#I have a RP2040 and GIM4310 motor with
1 messages · Page 1 of 1 (latest)
The chip on the driver is a STSPIN32G4 btw, if that helps. It has an integrated CAN.
looks like transmit errors, can you post a photo of the wiring?
is this an RP2040 Feather with an MCP2515 FeatherWing?
https://learn.adafruit.com/adafruit-rp2040-can-bus-feather/overview I think it has the MCP25625 baked in
I'm powering the motor with a 24V supply, the RP2040 over usb-c from my macbook.
does the motor driver have a termination switch (turned on?)
There's a red light glowing inside of it, I can't find the datasheet for the driver unfortunately.
I have asked the supplier
I know nothing about the motor/driver
do you have another CAN setup you can test with, for comparion?
Does the transmit error mean it could be the driver not acking the message? Or does it imply the RP2040 is misbehaving?
I don't have another CAN setup. I have another motor, I will try that one now.
I was just thinking if you had another CAN-capable MCU, you could test code between those two to prove out the code, isolating the motor driver (or not) as the issue.
but testing other motor may yield a clue too
(I'm actually working on CAN bus today too, but having an entirely different issue)
Same result with the new motor. Maybe I will try PWM tomorrow and if that works, order a few extra bits - the supplier has a usb-can converter, and I might get a RS485 wing for this board and try communicate over that. I will think about it.
you could also try to listen passively and see if the motor driver is putting anything on the bus
dumb q - but it is correct to connect pins with canh together and canl together, I don't have to cross over or anything?
And does the message ID make a difference at all?

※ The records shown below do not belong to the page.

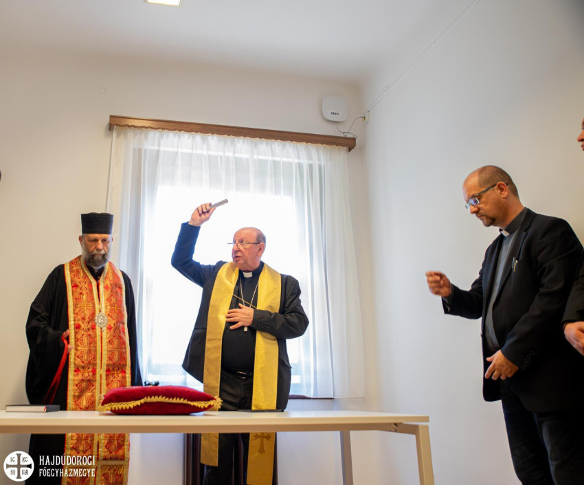 A közösségi pont jelképes kulcsának átvételét követően Kocsis Fülöp érsek-metropolita és Palánki Ferenc megyéspüspök megáldotta az ökumenikus imaszobát.
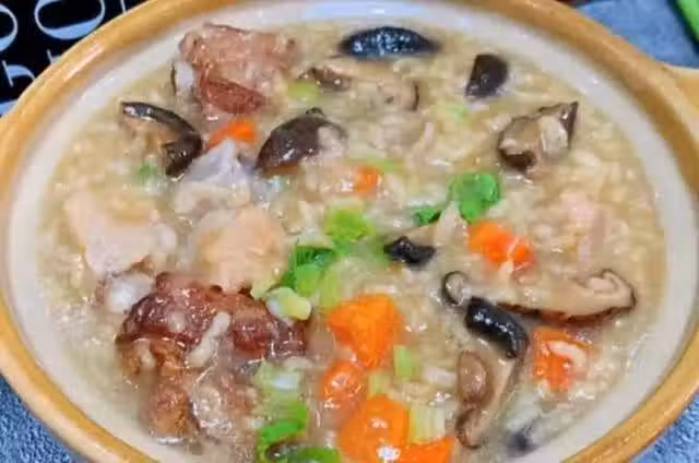 (1)處理食材:芋頭和胡蘿蔔洗凈去皮切塊,排骨洗凈浸泡片刻,泡去血水撈出沖洗一下,干香菇泡發,大米淘洗乾淨,小蔥切蔥花,生薑切片備用。
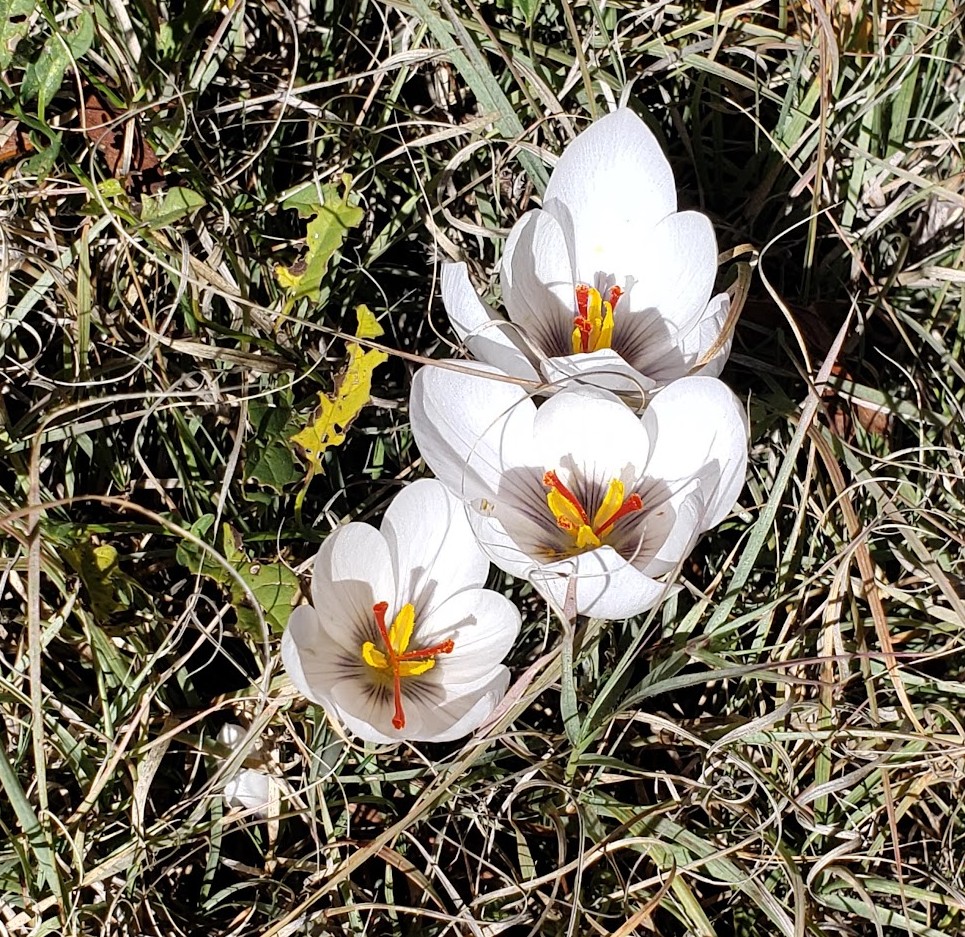 Then there are the synanthous crocuses. The problem with these is that rabbits like to mow down the overwintering leaves, so the crocuses have to have cages around them all winter.
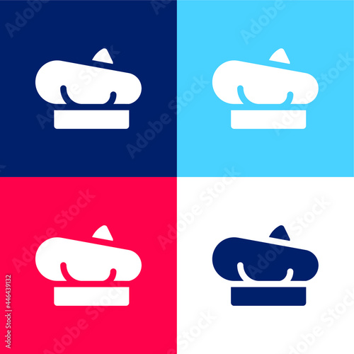Beret blue and red four color minimal icon set
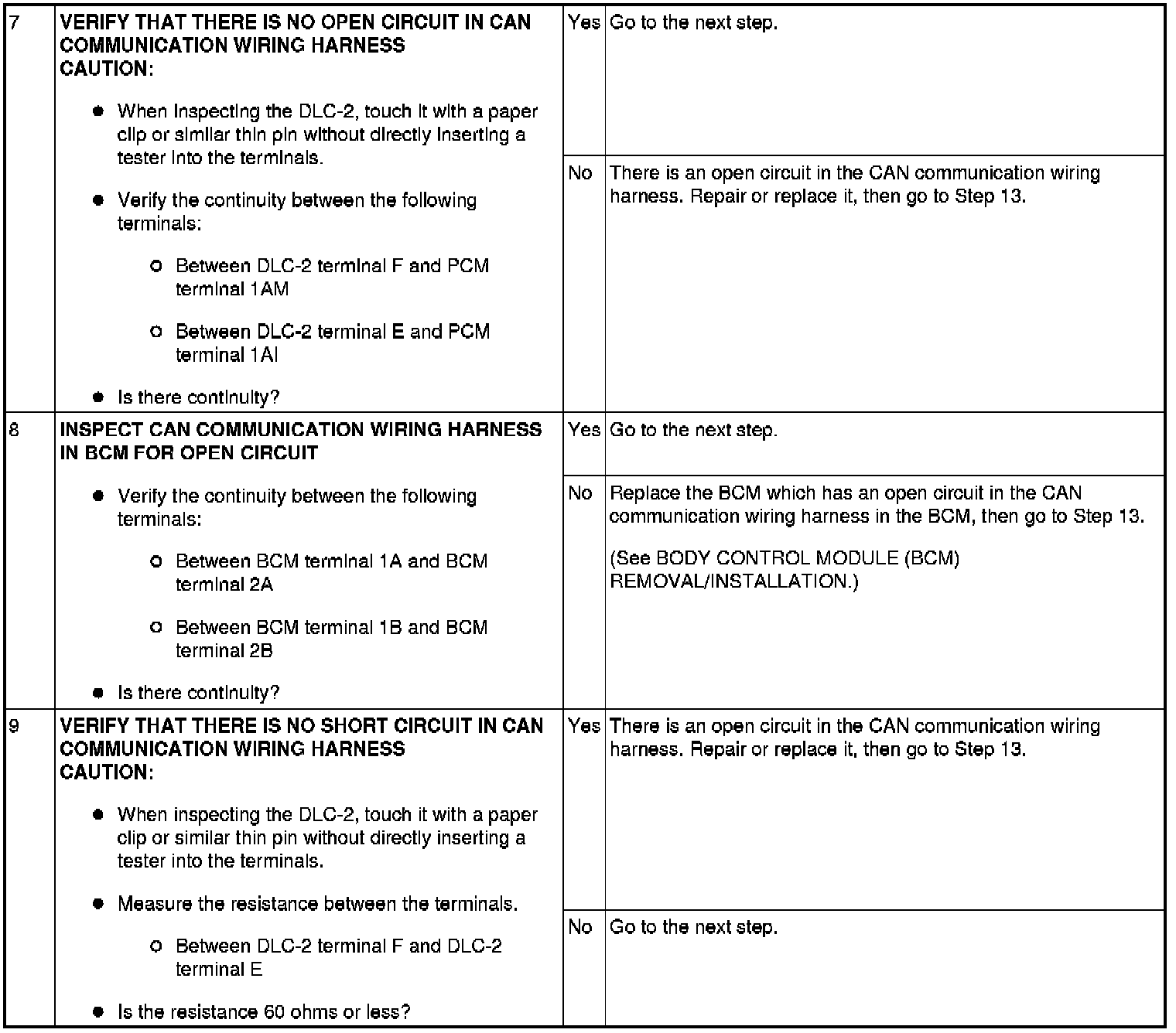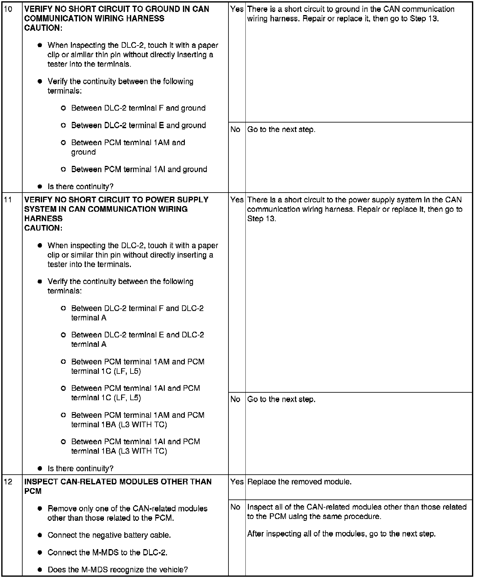 - Possible causes of communication errors between the M-MDS and vehicle include communication circuit interruption due to an open circuit in the CAN communication wiring harness, or poor contact of connector terminals, or a BUS OFF condition due to a short circuit in the CAN communication wiring harness.
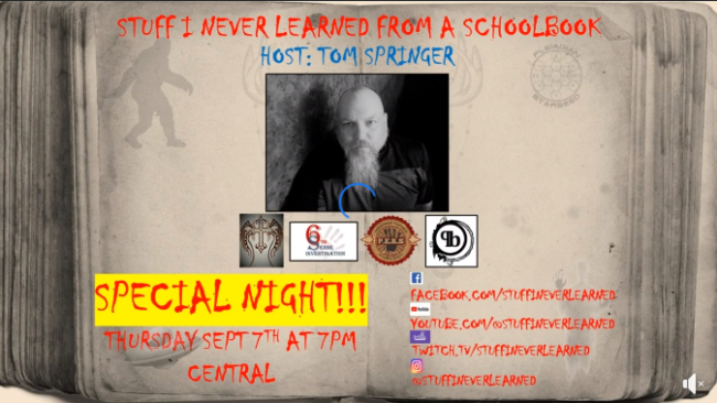 SPECIAL NIGHT!!! Friday, September 7th at 7pm Central…STUFF I NEVER LEARNED FROM A SCHOOLBOOK wants to introduce you to a few people…Come have some fun with me as we talk…
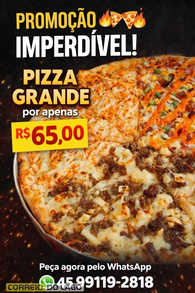 A Pizzaria Massa de Ouro, em Santa Helena, preparou uma promoção imperdível para este domingo (15): pizza grande por apenas R$ 65,00, com pedidos aceitos das 18h até as 22h30.
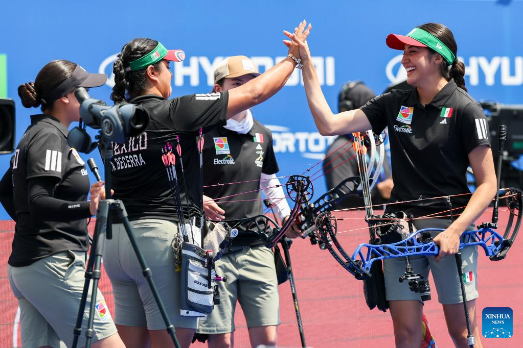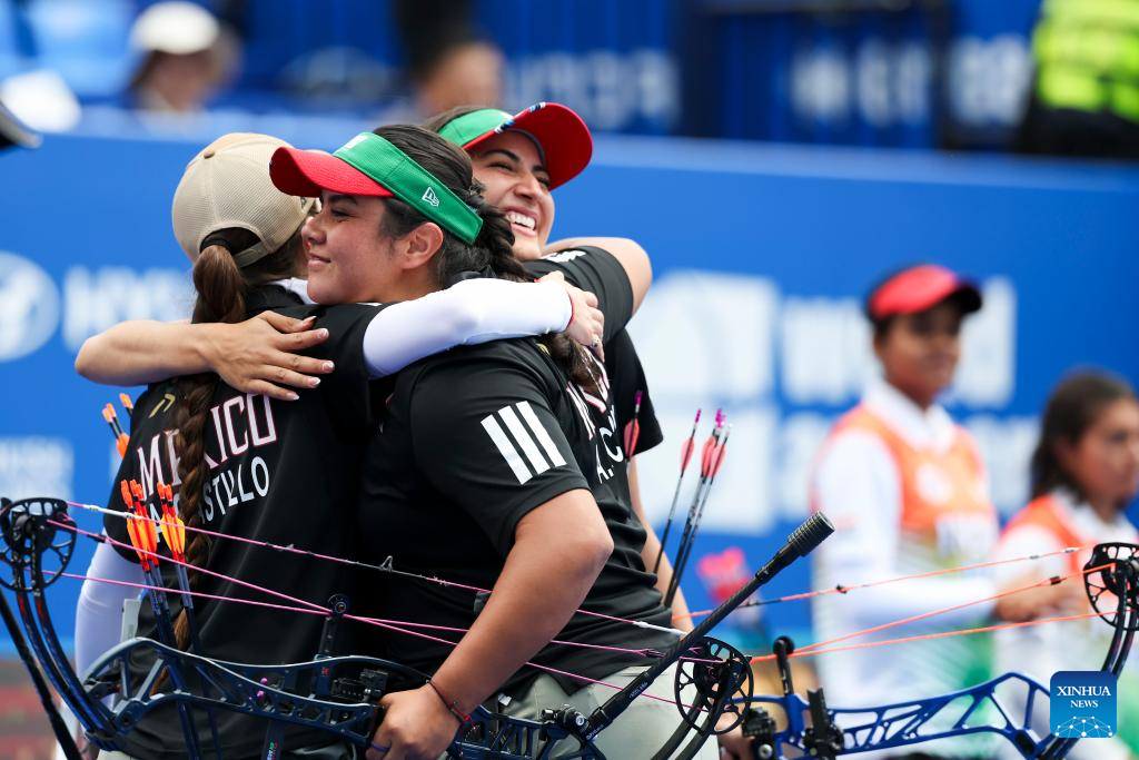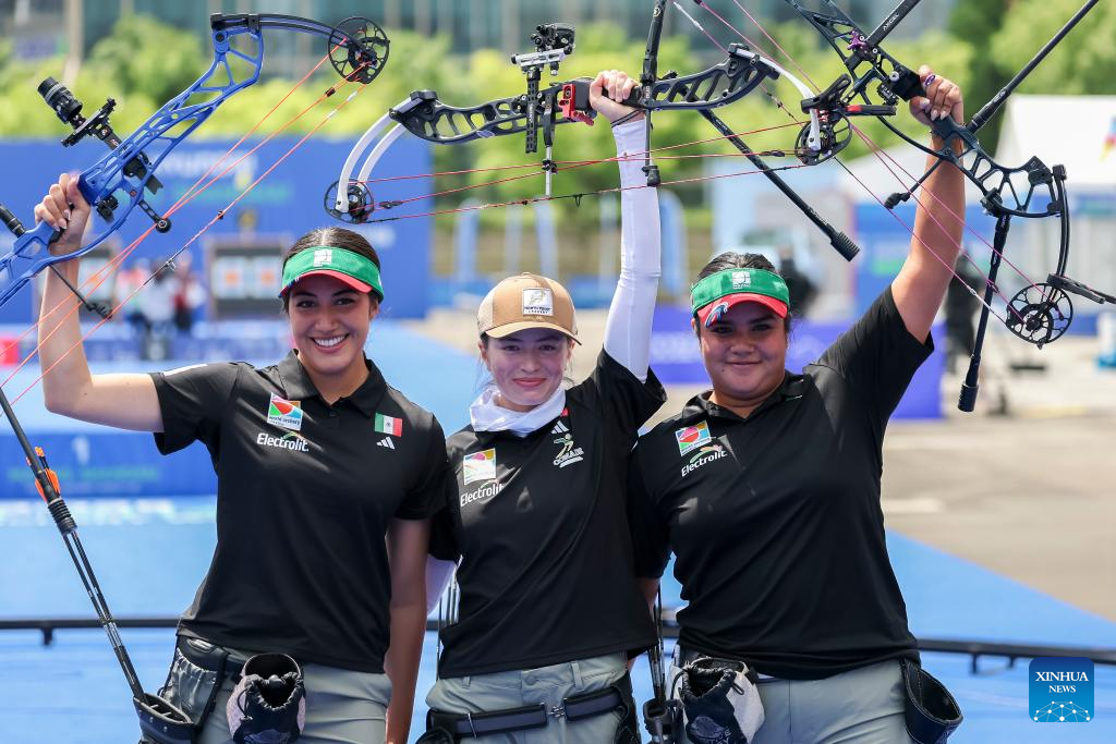 SHANGHAI, 10 mayo, 2025 (Xinhua) -- Miembros del equipo de México festejan al término de la final por la medalla de oro de la competencia de compuesto femenino por equipos en la etapa 2 de la Copa del Mundo de Tiro con Arco de Shanghai 2025, en Shanghai, China, el 10 de mayo de 2025. (Xinhua/Wang Xiang)
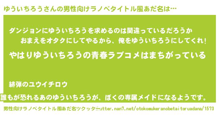 | 女子向けラノベタイトル風あだ名 | 『ゆういちろうの雑貨屋さん』 |

CANH-to-CANH, and CANL-to-CANL, common ground
for this, I did can_bus = CAN(spi, cs, baudrate=1000000, debug=False, silent=True) and tried to retrieve messages, I didn't get anything
any value in hooking a scope up the canh/canl and see if the motor is doing anything?
ID affects filter matching when listening, each node has to be unique ID
(ID also affects priority on the bus, but with two nodes, not an issue)
The motor ID is by default 1 according to the supplier, would I expect it to send a "hello" message when I power it up?
I haven't done silent, but that looks OK
maybe try debug=True and see what shows up
I haven't tried any commercial CAN devices, so not sure about behavior... my project I have total control of all nodes so not much help there
looks like it's fixed baurate at 1_000_000
SMC has been fairly responsive via email and sent me a windows app I can apparently use to talk to the motor over a usb-ttl adapter. I will try that and a few other things out tomorrow I think, if I can at least get the motor turning I will consider that a win!
Good luck! I'm not sure what else to suggest.